*** Provided records Section Begins ***
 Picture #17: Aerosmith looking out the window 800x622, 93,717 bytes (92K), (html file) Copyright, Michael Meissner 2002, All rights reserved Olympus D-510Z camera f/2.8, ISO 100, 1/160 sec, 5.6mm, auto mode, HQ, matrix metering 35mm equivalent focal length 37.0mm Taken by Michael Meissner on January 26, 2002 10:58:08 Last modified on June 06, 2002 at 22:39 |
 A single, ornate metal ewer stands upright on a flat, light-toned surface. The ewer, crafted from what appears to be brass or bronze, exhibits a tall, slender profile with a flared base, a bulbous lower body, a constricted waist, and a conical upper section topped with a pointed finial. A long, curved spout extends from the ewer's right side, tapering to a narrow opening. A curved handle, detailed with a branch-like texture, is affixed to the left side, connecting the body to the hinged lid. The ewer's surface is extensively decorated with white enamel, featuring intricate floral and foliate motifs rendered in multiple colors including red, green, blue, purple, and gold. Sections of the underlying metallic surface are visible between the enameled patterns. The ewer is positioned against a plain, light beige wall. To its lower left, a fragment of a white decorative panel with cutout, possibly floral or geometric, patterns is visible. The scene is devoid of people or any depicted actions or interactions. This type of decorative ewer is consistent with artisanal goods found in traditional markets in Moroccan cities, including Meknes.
*** Provided records Section Ends ***
*** Provided records Section Begins ***
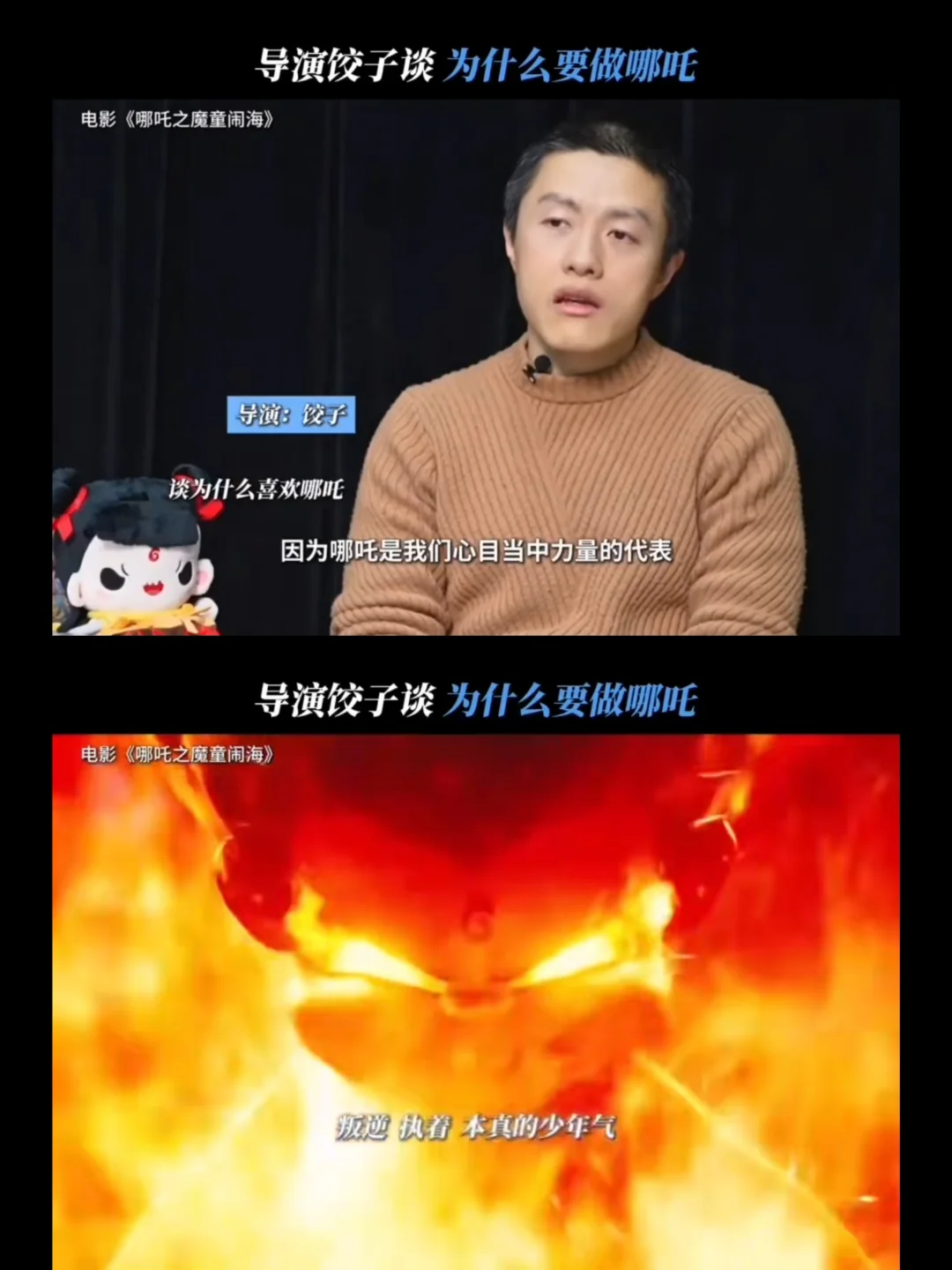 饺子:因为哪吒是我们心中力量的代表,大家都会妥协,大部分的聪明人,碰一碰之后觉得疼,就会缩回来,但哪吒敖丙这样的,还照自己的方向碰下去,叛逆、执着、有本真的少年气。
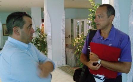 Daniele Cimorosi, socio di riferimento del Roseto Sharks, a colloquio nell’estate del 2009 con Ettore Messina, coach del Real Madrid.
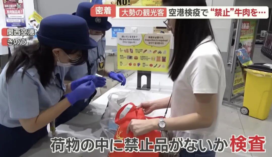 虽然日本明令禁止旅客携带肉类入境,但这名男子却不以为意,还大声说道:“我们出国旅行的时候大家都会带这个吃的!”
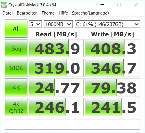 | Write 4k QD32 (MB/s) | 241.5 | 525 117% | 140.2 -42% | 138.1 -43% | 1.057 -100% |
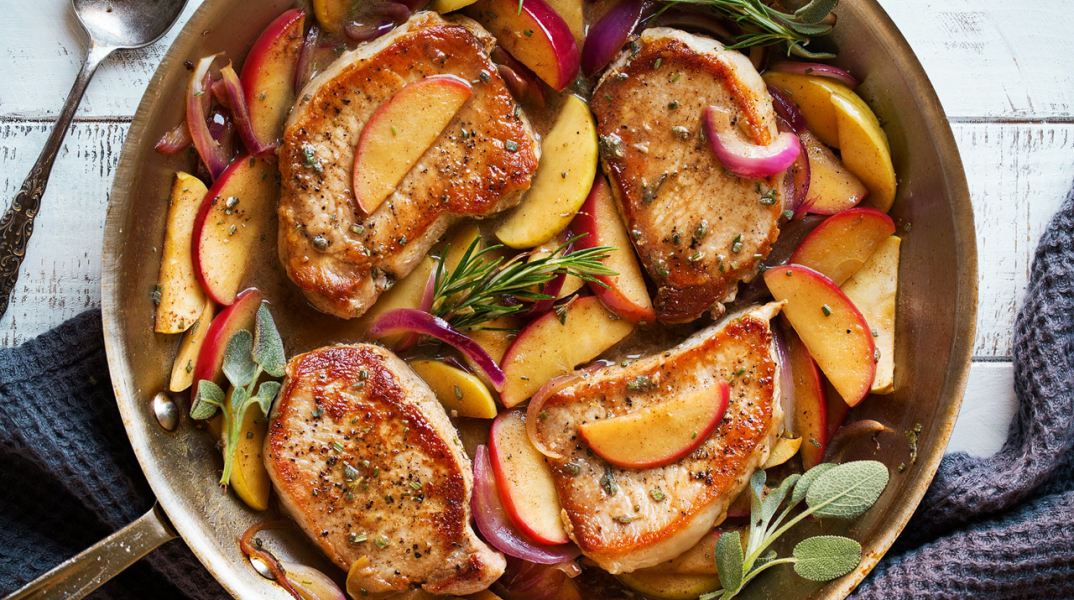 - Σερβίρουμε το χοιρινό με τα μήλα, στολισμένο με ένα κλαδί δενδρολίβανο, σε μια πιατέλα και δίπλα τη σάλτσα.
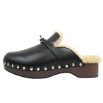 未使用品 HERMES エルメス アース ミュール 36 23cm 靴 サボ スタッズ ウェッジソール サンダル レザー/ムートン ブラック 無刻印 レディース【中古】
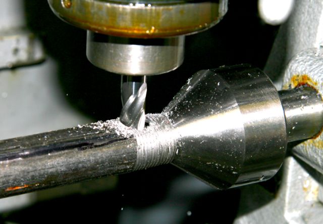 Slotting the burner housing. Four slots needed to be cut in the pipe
*** Provided records Section Ends ***
→ Exercise description: Return exactly the lines of the material above, starting at the line containing "饺子:因为哪吒是我们心中力量" and finishing at the line containing "- Σερβίρουμε το", without any pictures.

→ Problem solution:
 饺子:因为哪吒是我们心中力量的代表,大家都会妥协,大部分的聪明人,碰一碰之后觉得疼,就会缩回来,但哪吒敖丙这样的,还照自己的方向碰下去,叛逆、执着、有本真的少年气。
 Daniele Cimorosi, socio di riferimento del Roseto Sharks, a colloquio nell’estate del 2009 con Ettore Messina, coach del Real Madrid.
 虽然日本明令禁止旅客携带肉类入境,但这名男子却不以为意,还大声说道:“我们出国旅行的时候大家都会带这个吃的!”
 | Write 4k QD32 (MB/s) | 241.5 | 525 117% | 140.2 -42% | 138.1 -43% | 1.057 -100% |
 - Σερβίρουμε το χοιρινό με τα μήλα, στολισμένο με ένα κλαδί δενδρολίβανο, σε μια πιατέλα και δίπλα τη σάλτσα.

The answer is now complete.